Collection entries:

Segment Open

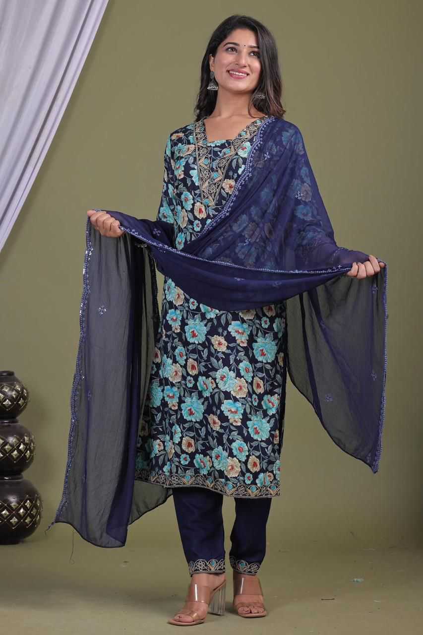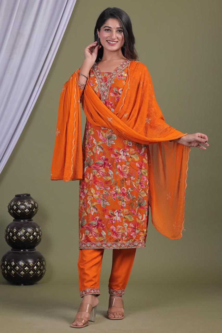 rayon foil print 3 pc top bottom and chiffon cutwork dupatta combo set
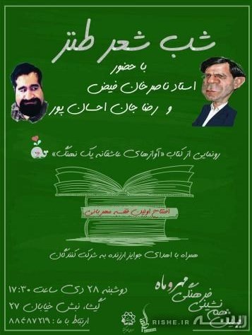 به گزارش گروه رسانه‌های خبرگزاری تسنیم،در این مراسم که در قالب شب شعر طنز بر پا می گردد، ناصر فیض و رضا احسان‌پور به شعرخوانی خواهند پرداخت.
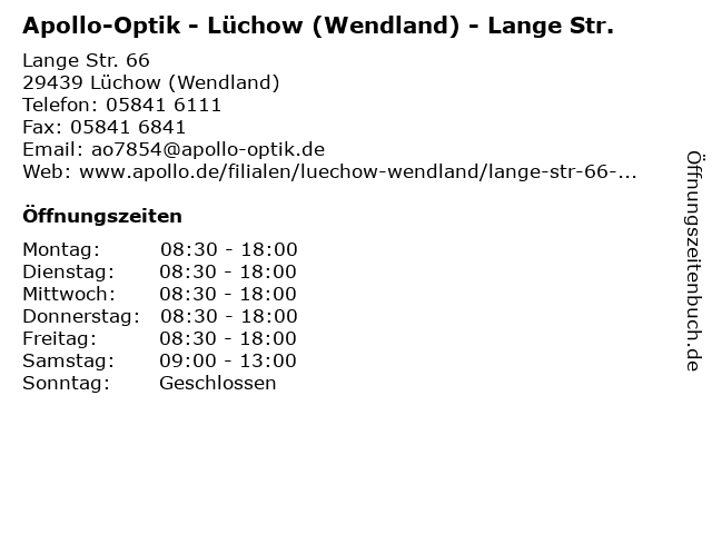 Branchen & Suchbegriffe zu Apollo-Optik - Lüchow (Wendland) - Lange Str.:apollo, augenklinik, lange, optik, optometrie, sonnenbrillengeschäft, str., wendland |
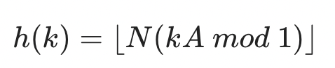 여기서 NN 은 2의 제곱꼴을 사용하면 안된다고 하는데 이는 그 제곱꼴이 로 나타날 때 k의 하위 p개의 비트를 고려하지 않기 때문에 N 은 소수(Prime Number)를 사용하는 것이 좋습니다
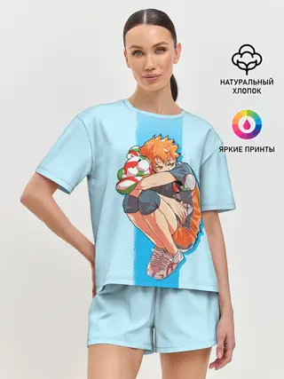 Женская пижама с шортами / Хината на синем фоне
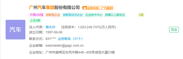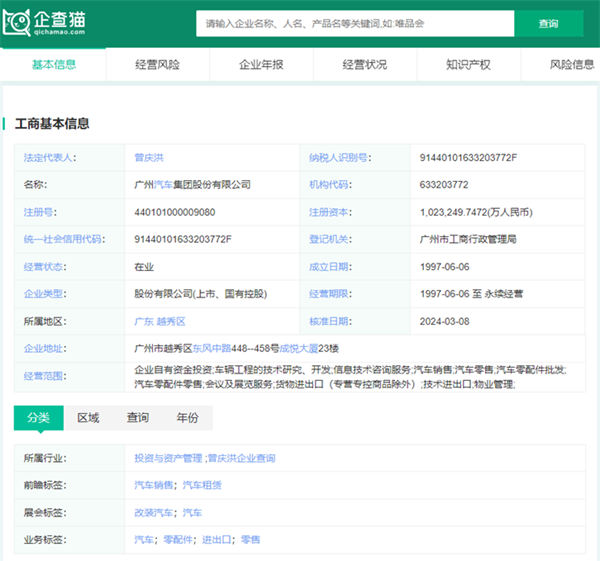 据企查猫资料显示,广州汽车集团股份有限公司成立于1997年,法定代表人为曾庆洪,注册资本约为102亿元人民币,经营范围包括企业自有资金投资;车辆工程的技术研究、开发等。

Segment Closed

Pictures stay out of this copy. Retype exactly the lines from the one with "به گزارش گروه" through the last line of the data, both ends included, and nothing more.

Task answer ▸
 به گزارش گروه رسانه‌های خبرگزاری تسنیم،در این مراسم که در قالب شب شعر طنز بر پا می گردد، ناصر فیض و رضا احسان‌پور به شعرخوانی خواهند پرداخت.
 Branchen & Suchbegriffe zu Apollo-Optik - Lüchow (Wendland) - Lange Str.:apollo, augenklinik, lange, optik, optometrie, sonnenbrillengeschäft, str., wendland |
 여기서 NN 은 2의 제곱꼴을 사용하면 안된다고 하는데 이는 그 제곱꼴이 로 나타날 때 k의 하위 p개의 비트를 고려하지 않기 때문에 N 은 소수(Prime Number)를 사용하는 것이 좋습니다
 Женская пижама с шортами / Хината на синем фоне
 据企查猫资料显示,广州汽车集团股份有限公司成立于1997年,法定代表人为曾庆洪,注册资本约为102亿元人民币,经营范围包括企业自有资金投资;车辆工程的技术研究、开发等。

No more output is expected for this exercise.